Proceed with the OCR and Markdown conversion task based on these instructions."""


def get_markdown_conversion_chain() -> RunnableSerializable:
    logger.info("Initializing the markdown conversion chain.")
    llm = ChatOpenAI(model="gpt-4o-mini", temperature=0)
    prompt_template = ChatPromptTemplate.from_messages(
        [
            ("system", system_prompt()),
            (
                "user",
                [
                    {
                        "type": "image_url",
                        "image_url": {"url": "data:image/jpeg;base64,{image_data}"},
                        "detail": "high",
                    }
                ],
            ),
        ]
    )
    return prompt_template | llm | StrOutputParser()


def pdf_to_base64(pdf_path: str) -> list[str]:
    logger.info(f"Converting PDF at {pdf_path} to base64.")
    with pymupdf.open(pdf_path) as pdf_file:
        base64_pages = [
            base64.b64encode(page.get_pixmap().tobytes()).decode("utf-8")  # type: ignore
            for page in pdf_file
        ]
    logger.info(f"Converted {len(base64_pages)} pages to base64.")
    return base64_pages


def convert_pdf_to_markdown(pdf_paths: list[str]) -> list[str]:
    logger.info("Starting PDF to Markdown conversion process.")
    markdown_conversion_chain = get_markdown_conversion_chain()
    markdown_documents = []
    for path in pdf_paths:
        logger.info(f"Processing PDF: {path}")
        base64_pages = pdf_to_base64(path)
        markdown_pages = markdown_conversion_chain.batch(
            [{"image_data": page} for page in base64_pages]
        )
        markdown_documents.extend(markdown_pages)
    logger.info("PDF to Markdown conversion process completed.")
    return markdown_documents


if __name__ == "__main__":
    logger.info("Script execution started.")
    with get_openai_callback() as callback:
        response = convert_pdf_to_markdown(argv[1:])
        output_path = "src/output/markdown.md"
        with open(output_path, "w") as output_file:
            output_file.write("\n".join(response))
        logger.info(f"Markdown content written to {output_path}.")
        print(callback)
    logger.info("Script execution finished.")

Let’s break down the key components of our script:

System Prompt: We define a detailed prompt that instructs the GPT Vision model on how to perform OCR and convert the text to Markdown.
Markdown Conversion Chain: We set up a conversion chain using ChatOpenAI, which processes the base64-encoded PDF images and produces Markdown output.
PDF-to-Base64 Conversion: Each page of the PDF is converted into a base64-encoded string for processing.
PDF-to-Markdown Conversion: The core function processes each encoded PDF page through the conversion chain.
Main Execution: The script handles command-line arguments, processes the PDFs, and writes the generated Markdown to an output file.

Results and Performance

In our tests, we processed a three-page PDF using both GPT-4o and GPT-4o-mini models. The results were impressive:

GPT-4o-mini: Cost approximately $0.01 for three pages
GPT-4o: Cost approximately $0.05 for three pages

Both models successfully captured formulas and tables in the proper format, with GPT-4o showing slightly better output quality.

Screenshot showing the formulas in LaTeX syntax

Conclusion

By combining the power of GPT Vision models with OCR technology, we’ve created a robust solution for converting PDF documents to Markdown. This approach not only saves time and reduces manual effort but also ensures high accuracy and consistency in document conversions.

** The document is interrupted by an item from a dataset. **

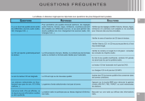 QUESTIONS FRÉQUENTES Le tableau ci-dessous regroupe les réponses aux questions les plus fréquemment posées. QUESTIONS RÉPONSES SOLUTIONS Il y a un écart de qualité sonore entre les différentes sources audio (radio, CD, Changeur CD...). Pour permettre une qualité d’écoute optimum, les réglages audio (Volume, Graves, Aigus, Ambiance, Loudness) peuvent être adaptés aux différentes sources, ce qui peut générer des écarts audibles lors d’un changement de sources (radio, CD, Changeur CD...). Vérifier que les réglages AUDIO (Volume, Graves, Aigus, Ambiance et Loudness) sont adaptés à vos souhaits pour chacune des sources écoutées. IX Vérifier le sens d’insertion de CD dans le lecteur. Vérifier l’état du CD : le CD ne pourra pas être lu s’il est trop endommagé. Le CD est éjecté systématiquement du lecteur. Le CD est placé à l’envers, illisible, ne contient pas de données audio ou contient un format audio illisible pour l’autoradio. Vérifier le contenu s’il s’agit d’un CD gravé : consultez les conseils du chapitre Audio. Du fait d’une qualité insuffisante, certains CD gravés ne seront pas lus par le système audio. Le lecteur CD de l’autoradio ne lit pas les DVD. Le chargeur CD ne lit pas les CD MP3. Le son du lecteur CD est dégradé. Le CD est rayé ou de mauvaise qualité. Insérer des CD de bonne qualité et les conserver dans de bonnes conditions. Les stations mémorisées ne fonctionnent pas (pas de son, 87,5 MHz s’affiche...). La gamme d’onde sélectionnée n’est pas la bonne. Appuyer sur la touche BND pour retrouver la gamme d’onde (AM,FM1, FM2, FMAST) où sont mémorisées les stations. L’annonce trafic (TA) est affichée. Je ne reçois aucune information routière ou de la publicité. La station radio ne participe pas au réseau régional d’information trafic. Basculer sur une radio qui diffuse des informations trafic. 55 QUESTIONS FRÉQUENTES QUESTIONS RÉPONSES SOLUTIONS Le véhicule est trop éloigné de l’émetteur ou aucun émetteur n’est présent dans la zone géographique traversée. Activer la fonction RDS afin de permettre au système de vérifier si un émetteur plus puissant se trouve dans la zone géographique. L’environnement (colline, immeuble, tunnel, parking sous-sol...) bloque la réception, y compris en mode de suivi RDS. Ce phénomène est normal et se traduit par une défaillance de l’autoradio. L’antenne est absente ou a été endommagée (par exemple lors d’un passage en lavage ou dans un parking souterrain). Faire vérifier l’antenne par un concessionnaire. Coupures de son de 1 à 2 secondes en mode radio. Le système RDS recherche pendant cette brève coupure une éventuelle fréquence permettant une meilleure réception de la station. Désactiver la fonction RDS si le phénomène est trop fréquent et toujours sur le même parcours. Moteur coupé, l’autoradio s’arrête après plusieurs minutes d’utilisation. Lorsque le moteur est coupé, le temps de fonctionnement de l’autoradio dépend de la charge de la batterie. L’arrêt est normal : l’autoradio se met en mode économie d’énergie et se coupe afin de préserver la batterie du véhicule. Démarrer le moteur du véhicule afi n d’augmenter la charge de la batterie. Le message « le système audio est en surchauffe » s’affiche à l’écran. Afin de protéger l’installation en cas de température environnante trop élevée, l’autoradio bascule dans un mode automatique de protection thermique menant à une réduction du volume sonore ou à l’arrêt de la lecture CD. Couper le système audio pendant quelques minutes afin de le laisser refroidir. IX La qualité de réception de la station radio écoutée se dégrade progressivement. Pourquoi n’est-on pas informé en temps réel d’un embouteillage sur l’itinéraire alors que l’option de guidage par « info trafic » est activée ? 56 Pourquoi un détour n’est-il pas proposé alors que j’ai sélectionné l’affi chage des infos trafic ? Au démarrage le système met quelques minutes pour capter les informations trafic par le RDS-TMC. Seuls les grands axes (autoroutes ou certaines nationales) sont répertoriés pour les informations trafic RDS-TMC. Il peut arriver qu’un embouteillage ne soit répertorié par le fournisseur d’info trafic. Ne pas confondre l’option de guidage « info trafic » qui permet de proposer un détour (le bouton « dévier » s’affiche dans la fenêtre) et le menu « affichage des messages trafic » ou « lecture des messages trafic » qui affecte uniquement l’affichage sans recalcul d’itinéraire (pas de bouton « dévier » dans la fenêtre). Attendre que les informations trafic soient bien reçues (affichage sur la carte des pictogrammes) et vous assurer que vous utilisez les grands axes pour avoir une navigation « informée ». Pour avoir la navigation « informée » avec proposition de détour, il faut impérativement activer l’option de guidage avec « info trafic ». ">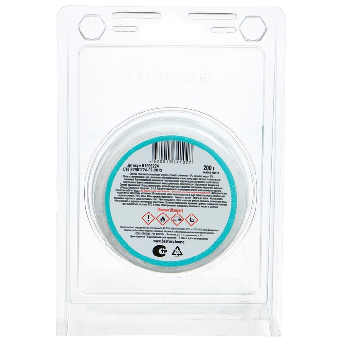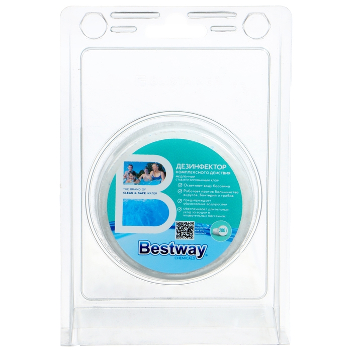 Дезинфектор комплексного действия Bestway длительно обеззараживает и осветляет воду частных плавательных бассейнов малого объёма. Бактерицидная, вирулицидная активность и действие на вегетативные формы спорообразующих микроорганизмов, предупреждает образование водорослей. Свободный хлор, выделяемый средством, устойчив к УФ-излучению, может использоваться в воде любой жёсткости.

As AI technology continues to evolve, we can expect even more powerful and efficient tools for document processing. For now, this Python script offers a significant leap forward in automating the conversion of PDFs to editable, searchable, and beautifully formatted Markdown documents.

Are you ready to revolutionize your document management workflow? Give this script a try and experience the power of AI-driven OCR for yourself!